PRC2 increases breast cancer cell invasion and metastasis
Metastatic breast cancer cells within adjacent lymph nodes have been shown to overexpress PRC2, which could suggest cells have acquired this alteration to gain the capacity to successfully metastasize (75). Within the primary tumor, matrix metallopeptidases (MMPs) play a key role in the degradation of the extracellular matrix (ECM) in the tumor microenvironment (TME) (76). The degradation of the ECM results in a higher frequency of the invasion and metastasis of breast cancer (77). Elevated EZH2 levels are associated with the repression of tissue inhibitors metalloproteinases (TIMPs) in triple-negative breast cancer (TNBC) (78). Specifically, EZH2 represses TIMP expression through the induction of the H3K27me3 silencing modification (78). Without TIMP proteins, MMP2 and MMP9 activity is increased, thus potentiating the metastatic capacity of breast cancer cells (78). This has also been observed in other types of cancer, such as ovarian and prostate cancer (79,80).

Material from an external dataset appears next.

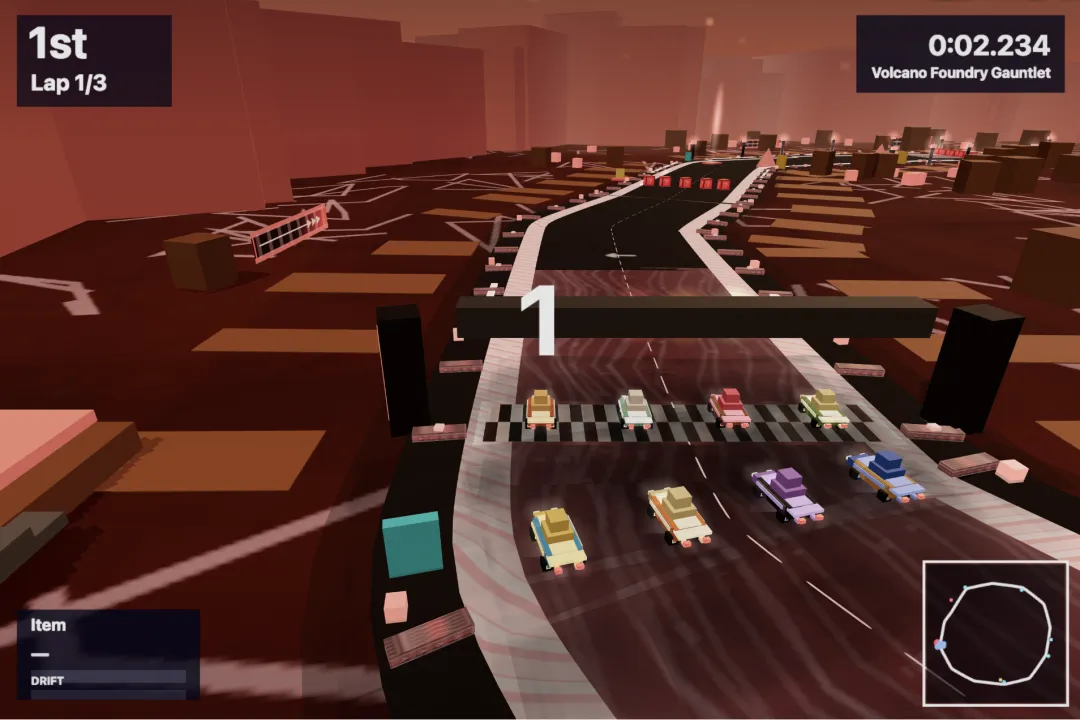 这个游戏有 8 个不同的赛车手、8 张地图、还有玩家可以用空格键触发的道具系统。

Another potential target of the PRC2 complex that affects metastatic potential is the repression of growth differentiation factor-15 (GDF15) (81). Yes-associated protein (YAP) is an upstream regulator of the PRC2 complex that promotes trimethylation of H3K27 at the GDF15 promoter, leading to the suppression of GDF15 (81). When YAP is knocked down, the metastatic potential is decreased, suggesting that this recruitment of PRC2 to GDF15 may affect the aggressiveness of breast cancer cells (81). YAP expression and its role in breast cancers have been controversial with some research indicating a tumor-suppressive role, while others suggesting an oncogenic role (81-84).
PRC2 decreases apoptosis
Compounds that suppress PRC2 activity, such as 3-deazaneplanocin A (DZNeP), have been observed to re-induce apoptosis, leading to targeted cell death (85). F-box protein 32 (FBXO32) has been identified as a key effector of apoptosis in this process (85). Due to this re-expression, it can be suggested that during abnormal PRC2 activity, apoptosis is suppressed by reducing FBXO32 levels. Further support for a role of PRC2 in apoptosis includes the observation that elevated levels of EZH2 are associated with reduced apoptosis following DNA damage, while decreased levels of EZH2 potentially facilitate apoptosis (86-89). Mechanistically, FBXO32 is repressed by EZH2 (86). FBXO32 normally directly binds p21 for protease degradation within p53-proficient cells and additionally induces apoptosis in p53-deficient cells through CHK1 activation (86). When EZH2 is depleted, G1 and G2/M checkpoints of the cell cycle are inhibited, leading to the initiation of apoptosis with or without p53 involvement (86).
Another suggested pathway for evading apoptosis involves the deregulation of the pRB/E2F pathway. When EZH2 is activated by E2F1, E2F1-mediated apoptosis is suppressed (87). This regulation of EZH2 leads to methyltransferase activity at the promoter of BIM1 to induce the trimethylation of H3K27, and furthermore, to suppress BIM1 expression (87). This process, induced by the pRB/E2F pathway, suggests that suppressing BIM1 is a potential alteration that occurs in cancer cells to escape apoptosis through epigenetic regulations. Within clinical cases, a high EZH2 expression is associated with a poor outcome, while BMI1 overexpression is associated with good outcomes (90).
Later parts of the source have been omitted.